▸ **Problem statement**: The printed result should hold only the lines from the opening of the data through the line bearing "Chọn vào icon", exactly as given and without pictures.

▸ **Exercise data**:
* * * * * * *

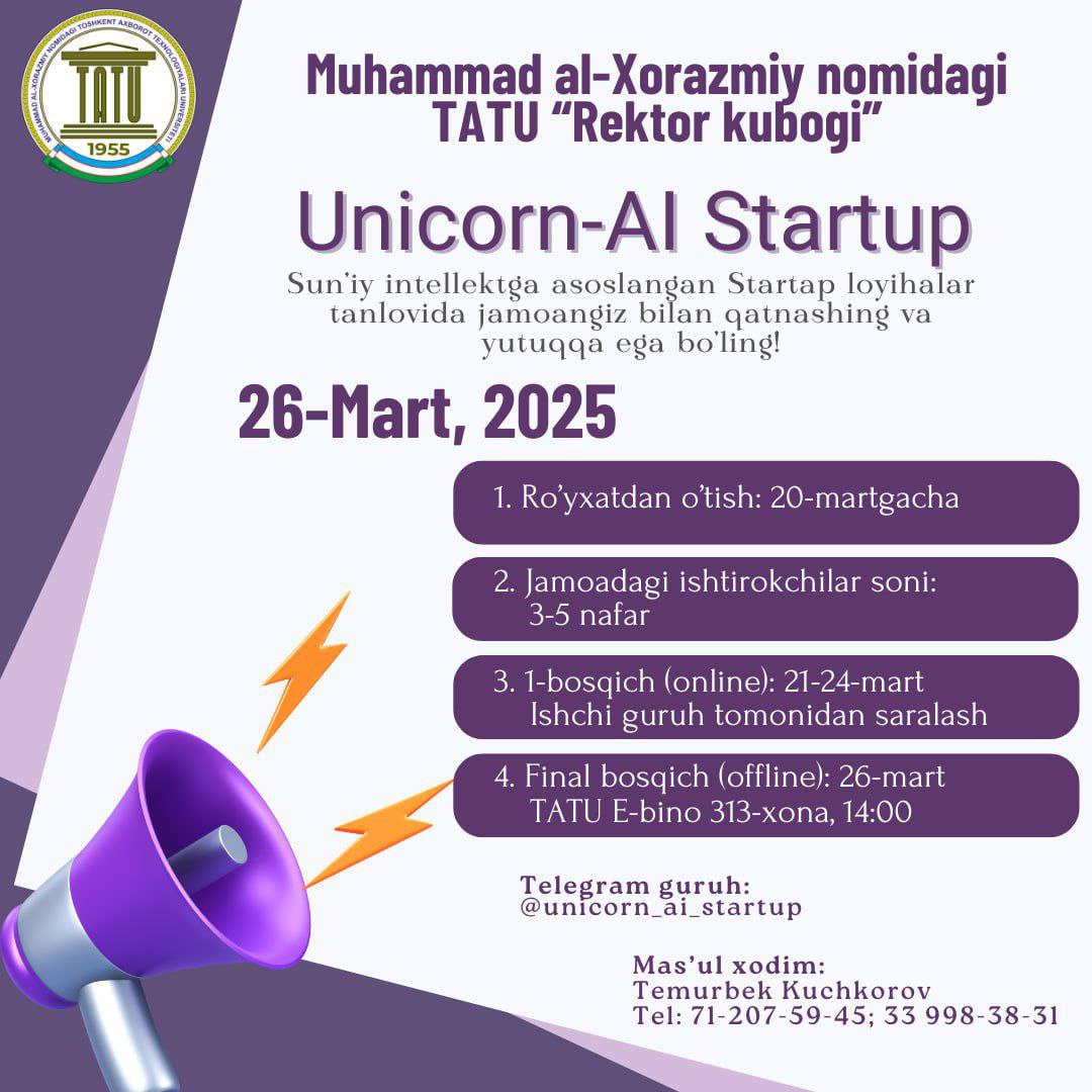 For questions, contact the administrator: t.kuchkorov@tuit.uz or @unicorn_ai_startup
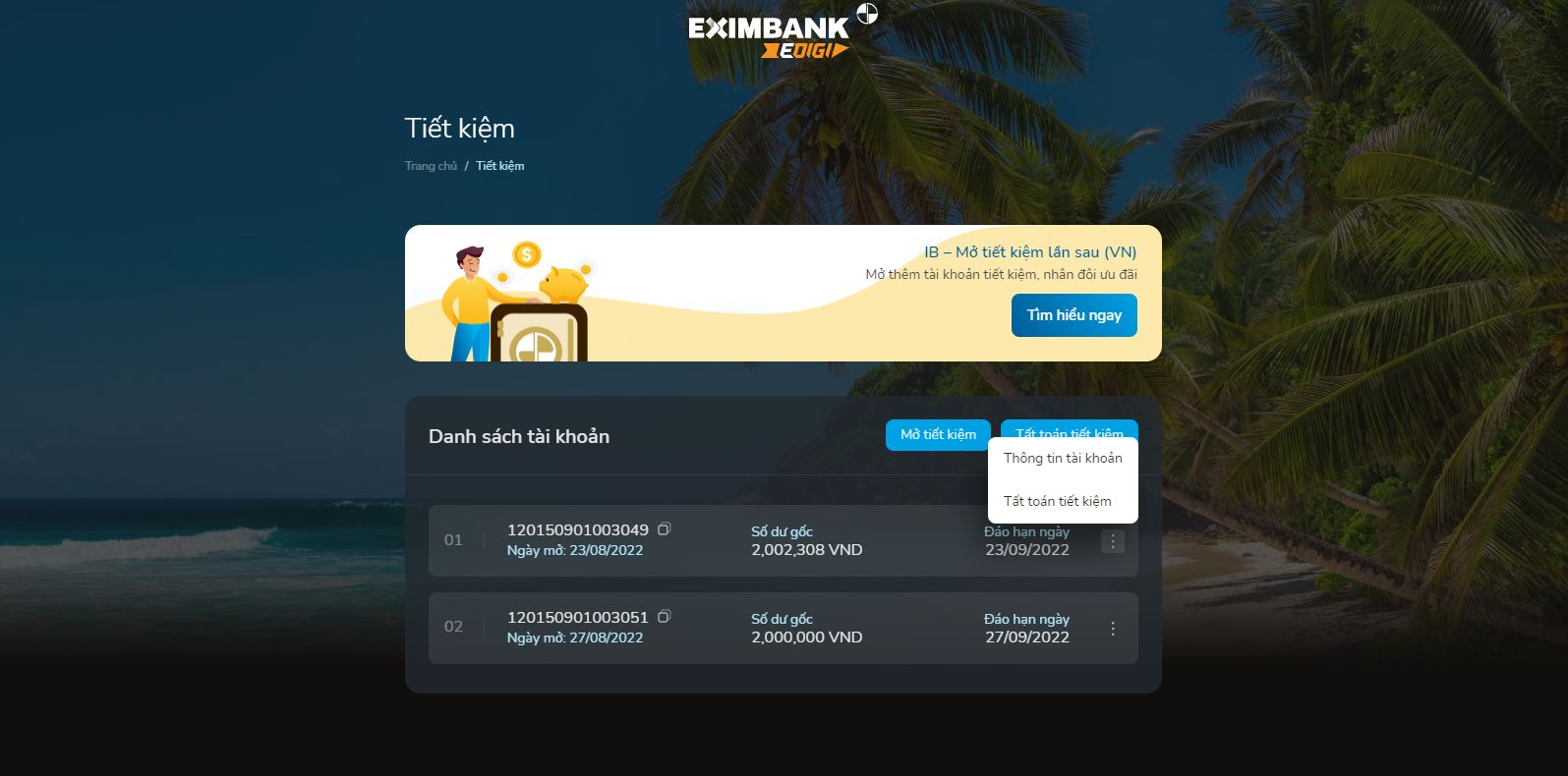 Chọn vào icon 3 chấm trên 01 tài khoản tiết kiệm và thực hiện:
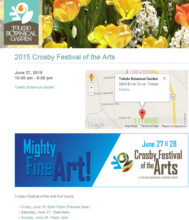 Another new, and very exciting new venue for us is Crosby Garden (Toledo Botanical Garden) for Festival of the Arts. Set against a beautifully landscaped botanical garden will be the tents of over 200 artists. This event is a very prestigious one, and very difficult to get into. We are grateful and thankful to have this opportunity. We have a sizable client base in the Detroit Area, which makes this a nice one tank trip. Its not so far from Cleveland either. High hopes for wonderful weather , great art, lovely music and lots of new opportunities to meet people.

* * * * * * *

▸ **Expected output**:
 For questions, contact the administrator: t.kuchkorov@tuit.uz or @unicorn_ai_startup
 Chọn vào icon 3 chấm trên 01 tài khoản tiết kiệm và thực hiện:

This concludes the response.